_Material for this exercise_
"""
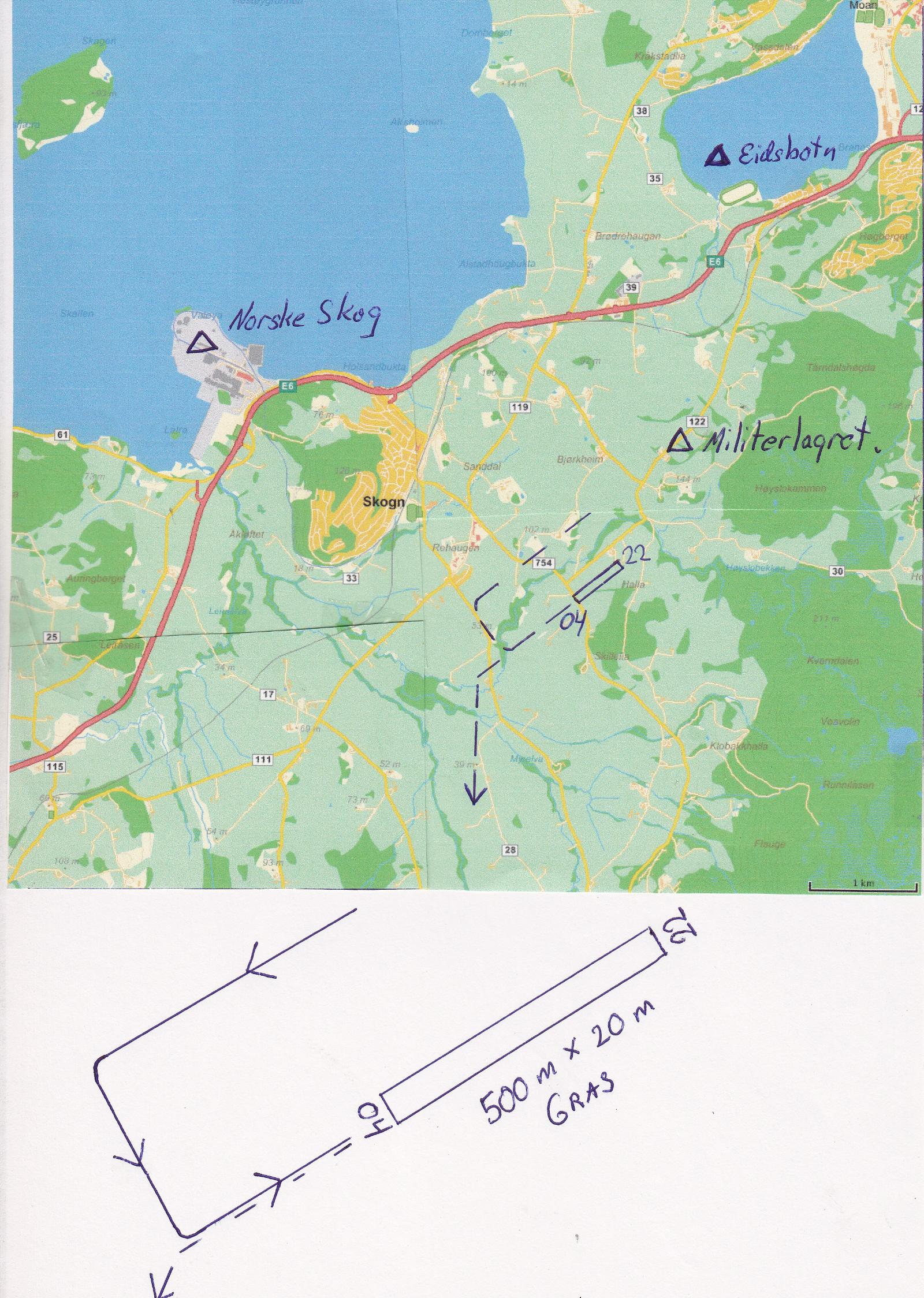Innflygingsmønster Skogn Flyplass 500 x 20 meter.
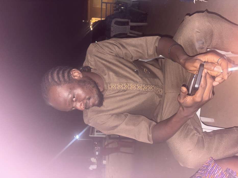 A man with dark skin, a beard, and braided hair sits outdoors at night. He wears a brown shirt with patterned embroidery and matching pants. He's looking down and holding a dark smartphone in his hands. A thin silver bracelet adorns his left wrist, and he has rings on his fingers. In the background, there are white plastic chairs and a faint light source, possibly a street lamp. The lower left of the image has a soft pink hue.
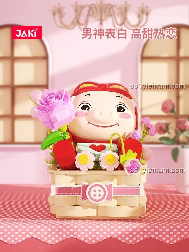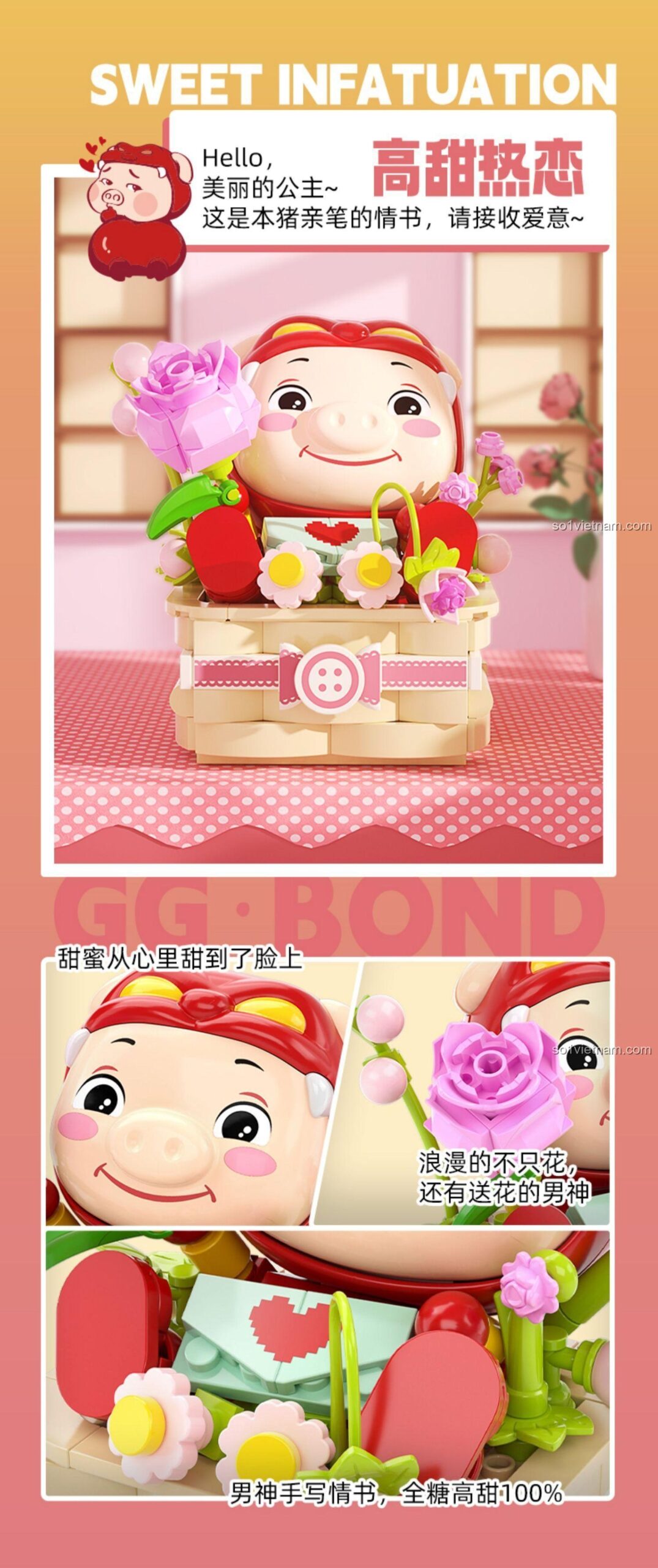 Bộ lắp ghép JAKI JK6850 tái hiện nhân vật hoạt hình GGBond quen thuộc trong một khung cảnh đầy thơ mộng và lãng mạn. Với tông màu hồng chủ đạo, điểm xuyết sắc đỏ, vàng và trắng, mô hình sau khi hoàn thành sẽ trở thành một vật trang trí xinh xắn, thể hiện tình yêu ngọt ngào.
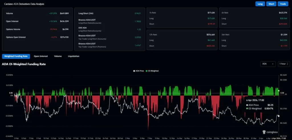 CoinGlass data shows rising trading activity. The future volume has surged 57.29% to $649.08 million. Open interest has grown 10.36% to $434.33 million. The OI-weighted funding rate stands at 0.0047%.
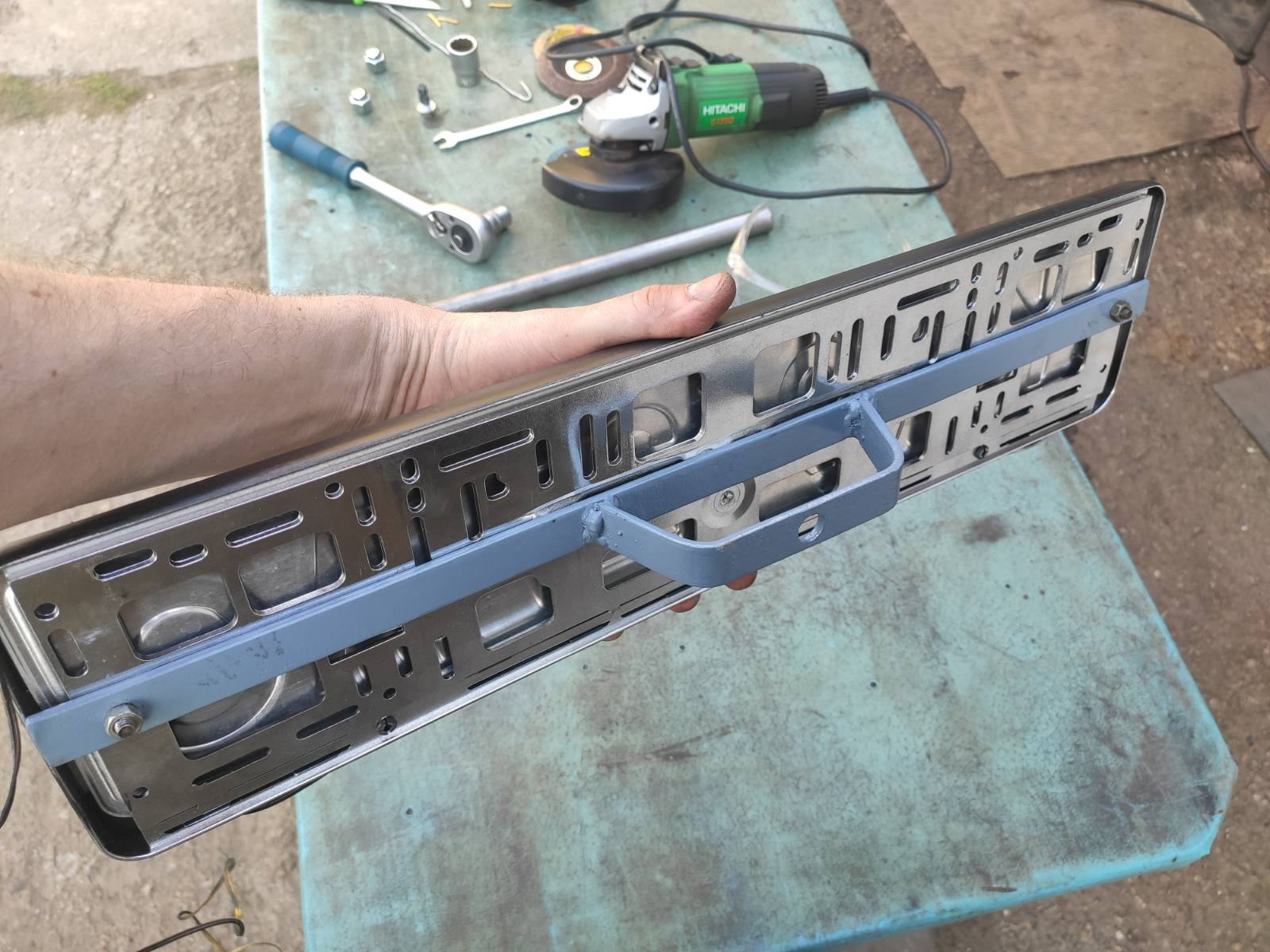 А у меня кронштейн запаски держится на 3 болтах, и есть два отверстия под еще два, вот через одно провёл проводку для номера.
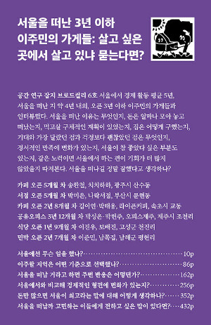 서울을 떠나는 결정이 자발적인 선택이었는지 아니면 어쩔 수 없는 상황에 따른 것이었는지 살펴보고자 했다. 자발적이었다면 이유는 뭐였는지, 어쩔 수 없는 길이었다면 무엇이 왜 어쩔 수 없었는지, 이주가 아닌 다른 대안은 없었을지 이어서 묻고 싶었다.
"""
_What is expected_
Line by line, output the material above exactly, passing over the pictures.

_Response box_
Innflygingsmønster Skogn Flyplass 500 x 20 meter.
 A man with dark skin, a beard, and braided hair sits outdoors at night. He wears a brown shirt with patterned embroidery and matching pants. He's looking down and holding a dark smartphone in his hands. A thin silver bracelet adorns his left wrist, and he has rings on his fingers. In the background, there are white plastic chairs and a faint light source, possibly a street lamp. The lower left of the image has a soft pink hue.
 Bộ lắp ghép JAKI JK6850 tái hiện nhân vật hoạt hình GGBond quen thuộc trong một khung cảnh đầy thơ mộng và lãng mạn. Với tông màu hồng chủ đạo, điểm xuyết sắc đỏ, vàng và trắng, mô hình sau khi hoàn thành sẽ trở thành một vật trang trí xinh xắn, thể hiện tình yêu ngọt ngào.
 CoinGlass data shows rising trading activity. The future volume has surged 57.29% to $649.08 million. Open interest has grown 10.36% to $434.33 million. The OI-weighted funding rate stands at 0.0047%.
 А у меня кронштейн запаски держится на 3 болтах, и есть два отверстия под еще два, вот через одно провёл проводку для номера.
 서울을 떠나는 결정이 자발적인 선택이었는지 아니면 어쩔 수 없는 상황에 따른 것이었는지 살펴보고자 했다. 자발적이었다면 이유는 뭐였는지, 어쩔 수 없는 길이었다면 무엇이 왜 어쩔 수 없었는지, 이주가 아닌 다른 대안은 없었을지 이어서 묻고 싶었다.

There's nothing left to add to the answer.